*EXERCISE OBJECTIVE*
Here the job is to repeat the listing exactly, but not the pictures in it.

▼

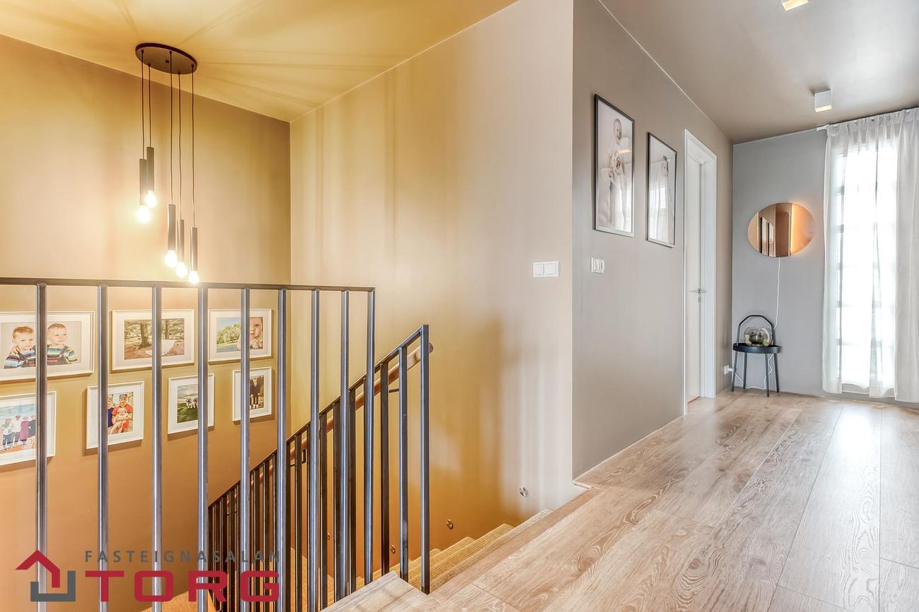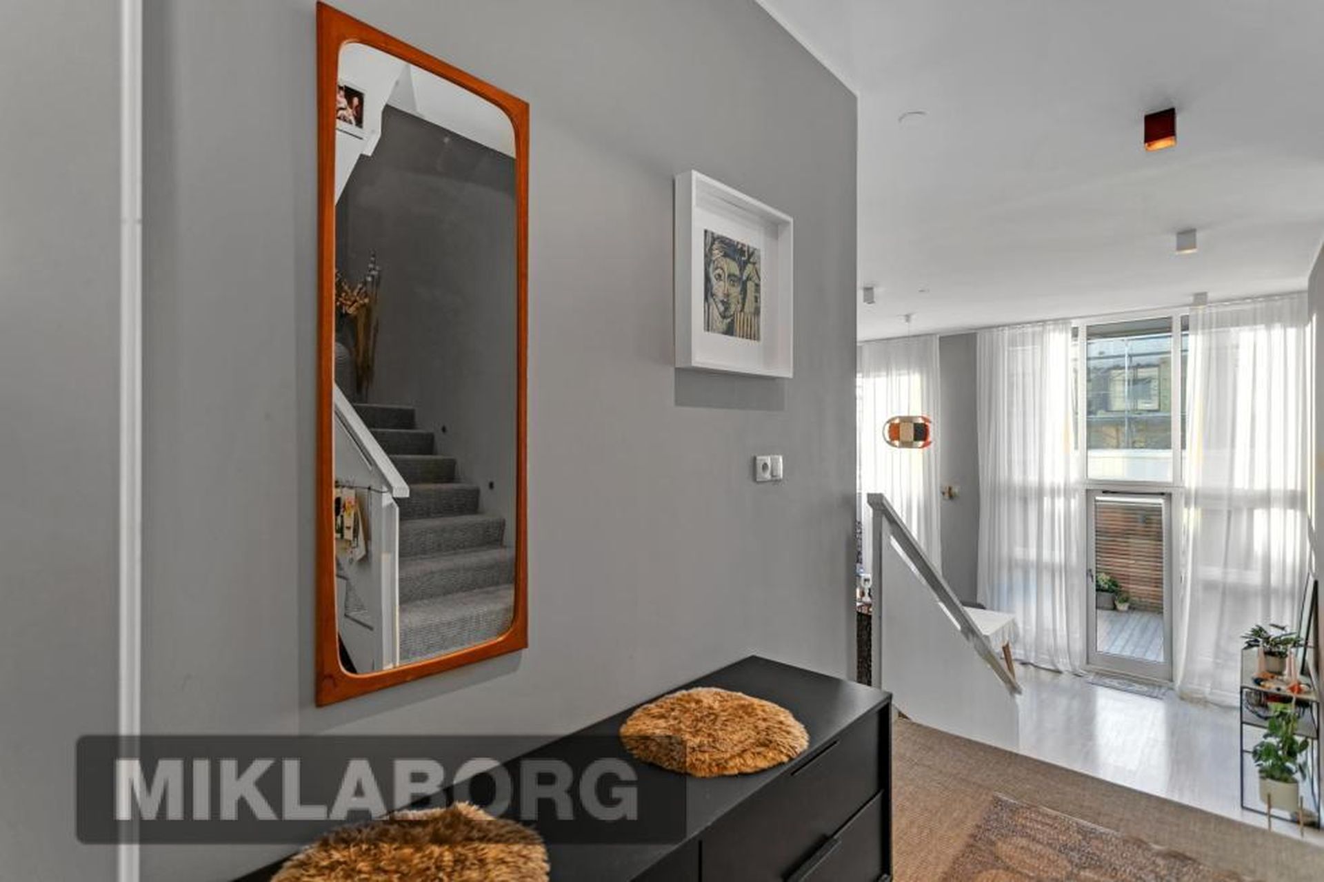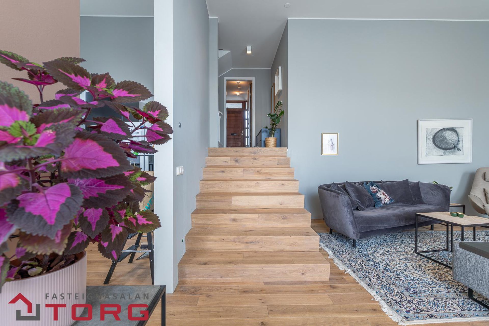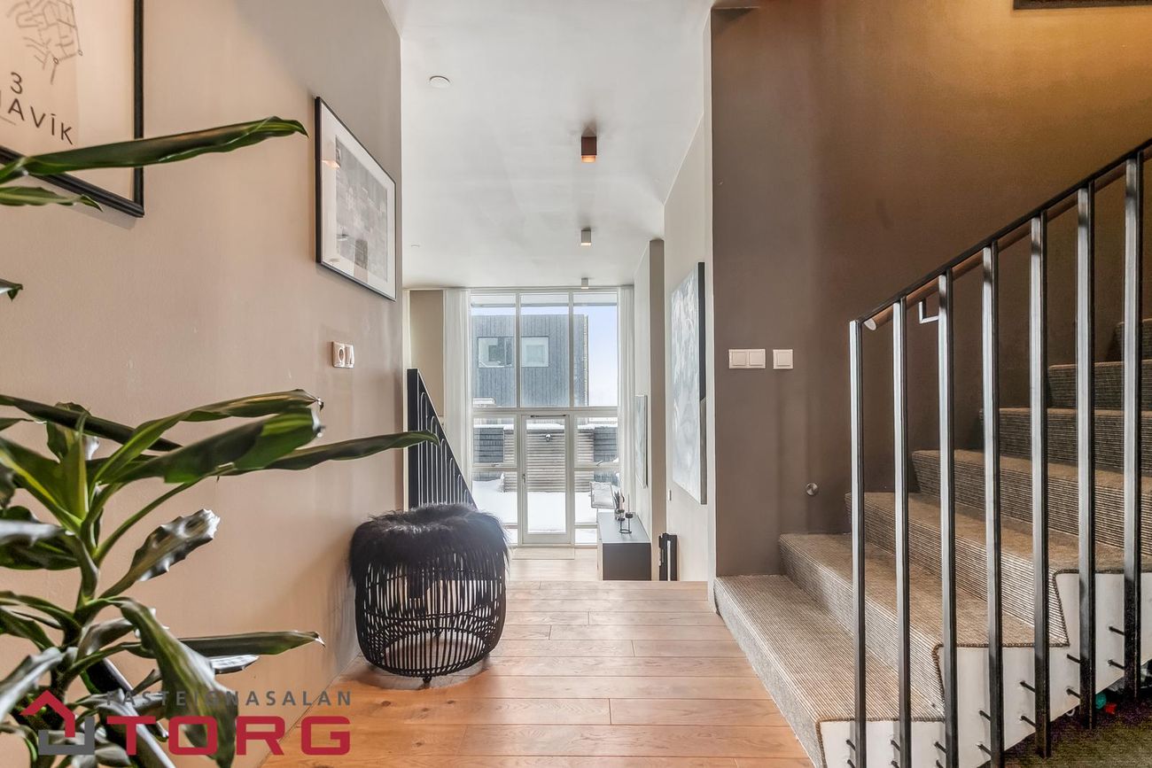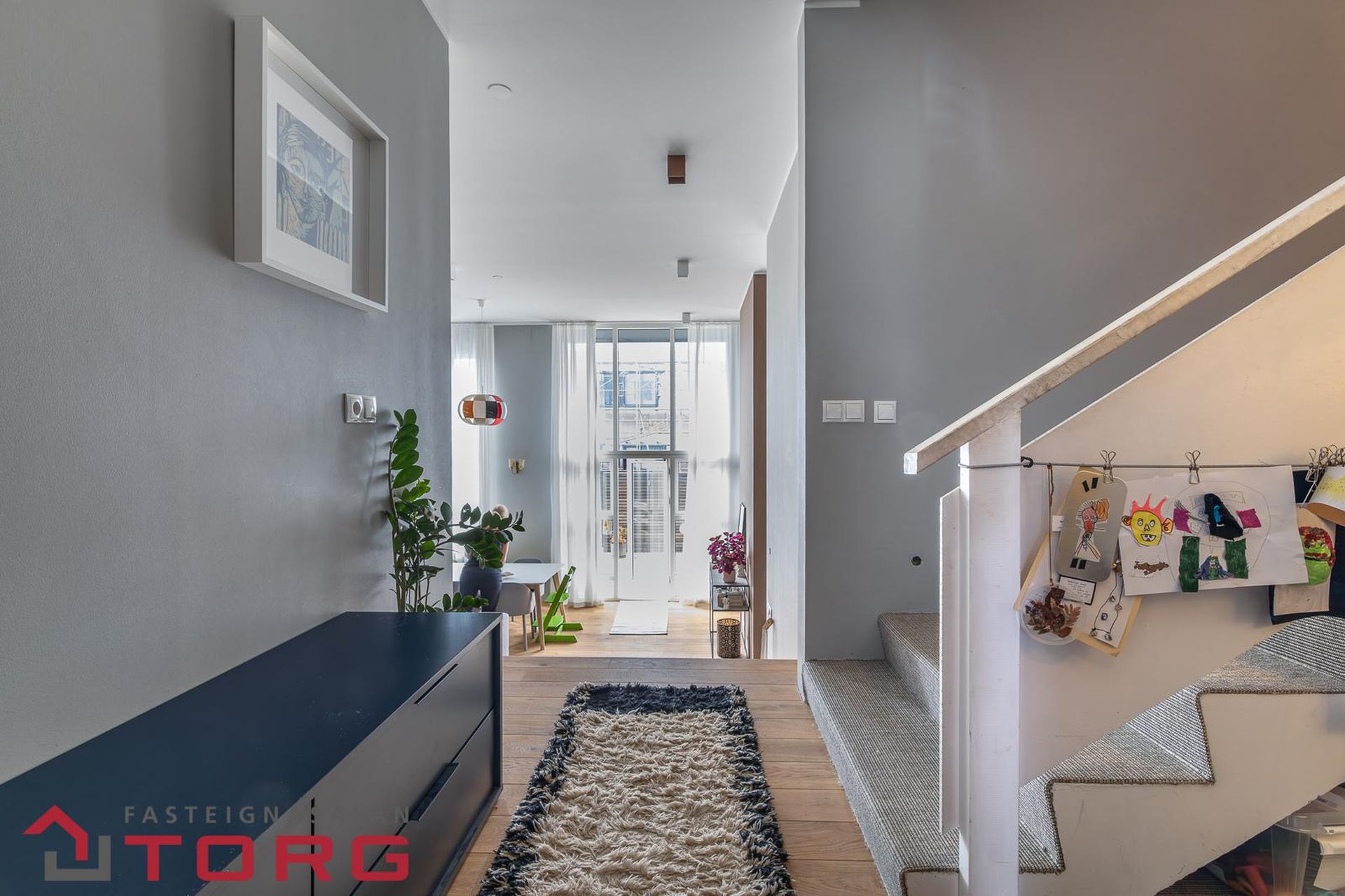 Stigi/stigagangur: Stigi niður á neðri hæð er með fallegu svörtu stálhandriði og gegnheilu viðarparketi. Stigi upp á efri hæð er teppalagður og með nýlegu stálhandriði frá JSÓ.
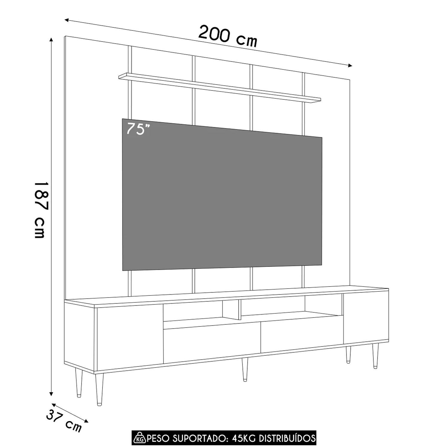 Suporta TV de até: 75 Polegadas.
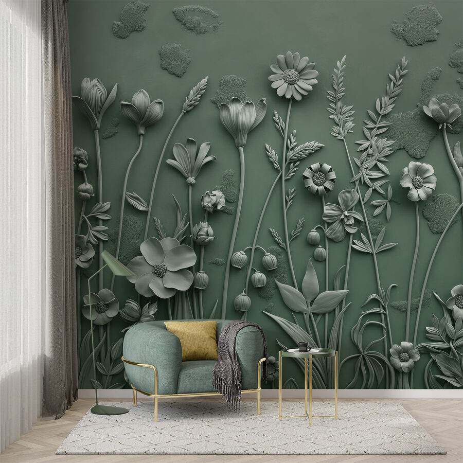 Transformeer elke ruimte met de Fotobehang Grey Sculpture of Flowers and Plants. Dit stuk voegt een charmante en kunstzinnige vibe toe, bijna alsof je een rustige tuin binnenshuis brengt. Het ingewikkelde ontwerp bestaat uit een reeks bloemen waarvan de vormen speels dansen tegen een zachte achtergrond. Stel je voor dat je lekker gaat zitten met een goed boek, omringd door deze zachte bloemen – het is als een frisse neus halen zonder de pollen! Perfect voor woonkamers, slaapkamers of zelfs een knus hoekje. Het nodigt uit tot warmte en rust, waardoor het een mooie achtergrond vormt voor alledaagse momenten. Wie zou zich niet geïnspireerd voelen in zo’n mooie ruimte?
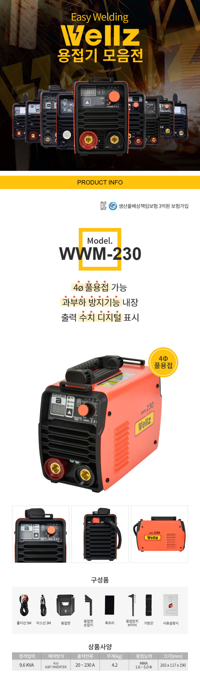 웰즈 WWM-230 인버터용접기 (1.6~5.0MM), 용접기
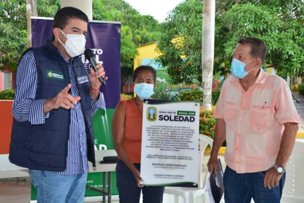 El alcalde de Soledad, Rodolfo Ucrós Rosales, fue el encargado socializar con los habitantes del sector el alcance de este documento. “Luego de un minucioso proceso de gestión, avanzamos para hacer entrega de esta resolución a los habitantes de Villa Sol, quienes a partir de este momento podrán contar con inversión en obras que sin lugar a dudas mejorarán su calidad de vida”, precisó el mandatario.
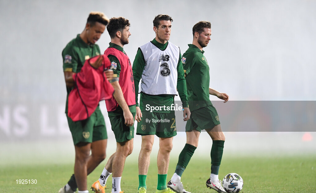 3 September 2020; Callum Robinson, Robbie Brady, Darragh Lenihan and Alan Browne of Republic of Ireland prior to the UEFA Nations League B match between Bulgaria and Republic of Ireland at Vasil Levski National Stadium in Sofia, Bulgaria. Photo by Alex Nicodim/Sportsfile

▲

*WRITTEN REPLY*
 Stigi/stigagangur: Stigi niður á neðri hæð er með fallegu svörtu stálhandriði og gegnheilu viðarparketi. Stigi upp á efri hæð er teppalagður og með nýlegu stálhandriði frá JSÓ.
 Suporta TV de até: 75 Polegadas.
 Transformeer elke ruimte met de Fotobehang Grey Sculpture of Flowers and Plants. Dit stuk voegt een charmante en kunstzinnige vibe toe, bijna alsof je een rustige tuin binnenshuis brengt. Het ingewikkelde ontwerp bestaat uit een reeks bloemen waarvan de vormen speels dansen tegen een zachte achtergrond. Stel je voor dat je lekker gaat zitten met een goed boek, omringd door deze zachte bloemen – het is als een frisse neus halen zonder de pollen! Perfect voor woonkamers, slaapkamers of zelfs een knus hoekje. Het nodigt uit tot warmte en rust, waardoor het een mooie achtergrond vormt voor alledaagse momenten. Wie zou zich niet geïnspireerd voelen in zo’n mooie ruimte?
 웰즈 WWM-230 인버터용접기 (1.6~5.0MM), 용접기
 El alcalde de Soledad, Rodolfo Ucrós Rosales, fue el encargado socializar con los habitantes del sector el alcance de este documento. “Luego de un minucioso proceso de gestión, avanzamos para hacer entrega de esta resolución a los habitantes de Villa Sol, quienes a partir de este momento podrán contar con inversión en obras que sin lugar a dudas mejorarán su calidad de vida”, precisó el mandatario.
 3 September 2020; Callum Robinson, Robbie Brady, Darragh Lenihan and Alan Browne of Republic of Ireland prior to the UEFA Nations League B match between Bulgaria and Republic of Ireland at Vasil Levski National Stadium in Sofia, Bulgaria. Photo by Alex Nicodim/Sportsfile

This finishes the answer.